Investing in the nation's crumbling infrastructure is never a tough sell in the business community. After all, businesses benefit when everyone can get from point A to point B without busting an axle, and they also stand to gain from the winning sizable construction contracts.
To wit, the current infrastructure bill, formally dubbed the Infrastructure Investment and Jobs Act, calls for spending $550 billion over five years. In addition to existing authorized funding, that number currently stands at just under $1 trillion over five years and north of $1.2 trillion over eight years. But you may chafe at the real price tag--particularly as much of it calls for repurposing some $205 billion in untapped-yet-in-demand Covid-19 relief aid.
Under the current bill, $38 billion would be diverted directly from extant small-business relief programs. That includes $17.6 billion from the Small Business Administration's Economic Injury Disaster Loan (EIDL) program, $13.5 billion from the Targeted EIDL Advance, $4.7 billion from the Paycheck Protection Program, and $1.4 billion from the Economic Stabilization Program. Another $992 million is getting yanked from the SBA's business loans program account.
It's not as though these programs aren't being utilized. While the PPP is over and no longer supporting loans to small businesses, the other programs are indeed active. Starting with the Cares Act, Congress charged the SBA with making debt relief payments to help hard-hit businesses into certain SBA-backed loans including the agency's flagship working capital loan product, the 7(a) loan program. The Economic Aid Act sweetened the pot, allowing the SBA to increase its loan guarantee to 90 percent from 75 to 85 percent, depending on the size of the loan.
According to National Association of Government Guaranteed Lenders (NAGGL), loan approvals for 7(a) loans shot up to $1.5 billion last week, up from $880 million the week prior. This debt relief program expires on September 30, 2021, or as long as funds last.
Similarly, the pace of EIDL approvals has recently reached more than $5 billion a week, with $7.5 billion EIDLs receiving approval last week. As of July 29, 2021, businesses filed 3.8 million EIDLs, amounting to $236 billion in funding.
And demand is increasing along with lender bandwidth, says Tony Wilkinson, president and CEO of NAGGL. "As our lenders were moving away from the PPP program, they had more time to focus on the regular program," he says.
The news about lawmakers' plans to redirect funds has lenders scrambling to get loans done, adds Wilkinson. By his estimation, the funds for SBA's debt relief program could even dry up by September 20.
Unless lawmakers get to it first. With recess approaching, leaders of the House and Senate could call their members back to vote on an infrastructure bill at any point. The Senate could even approve the measure this week. Should it land on President Biden's desk this month, and as such stimulus funds suddenly expire, many in-need businesses now banking on that money would be left adrift.

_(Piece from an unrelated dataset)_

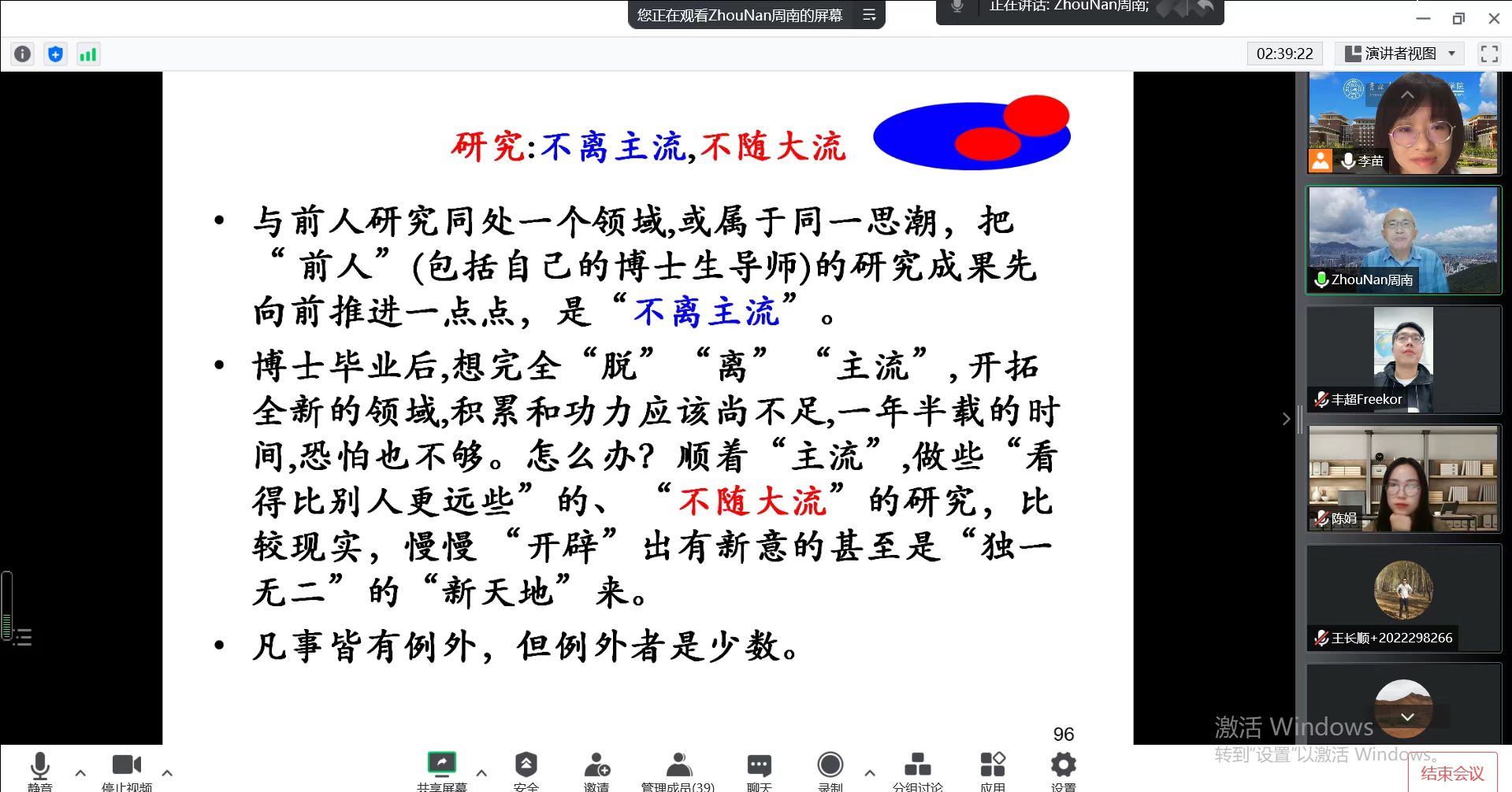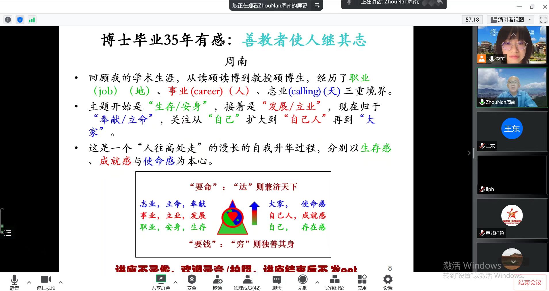 在本次报告中,周教授周老师回顾自己的学术生涯,从读硕读博到教授硕博生,经历了职业、事业、志业三重境界。主题从“生存/安身”,到“发展/立业”,现在归于“奉献/立命”,讲述“人往高处走”的漫长的自我升华过程。讲座对师生们思考自己的事业与人生有深刻启示。

Mark Yuska is one. When the pandemic hit his Sterling, Virginia-based events business Alliance Nationwide Exposition, revenue, which had clocked in at $20 million in 2019, dropped to zero in 2020.
"We went from 100 percent to zero. It wasn't like we were doing takeout; it wasn't a downturn, [business] was gone," says Yuska, who had to let his entire staff go, including himself, last year. The company only recently began hiring again; it brought in 100 people in July in anticipation of events picking back up in August. But he has more work than what 100 people can do. "We still have 250 shows on the books this year; 100 people just isn't enough," he says, noting that he'd use the $2 million 7(a) loan for which he applied two months ago, to support the additional hires. Now that plan might fall through.
For small business owners like Yuska, 2020 losses loom large among lenders. The federal stimulus--chiefly, the SBA's boosting of its guarantee to 90 percent and the fee moratorium--helped make those loans more palatable, says Joe Arie, president of the SBA division at Bank of Edison, a national lender based in Edison, Georgia. "It's a matter of risk tolerance," he says. "If we make a $2 million loan, and the SBA drops its guarantee back down to 75 percent, that risk goes from $200,000 to $500,000."
Arie adds that while lenders are trying to expedite existing loan applications, he fears that many borrowers with loans still in the pipeline will get dropped, because 1) they can't afford the fees without the moratorium and 2) the lender might pull the plug. "Washington has created such uncertainty for these borrowers. Now we're having to tell some of them we don't know what will happen," adds Arie. "There's a high likelihood that for several of these loans, it truly becomes a question of access to credit."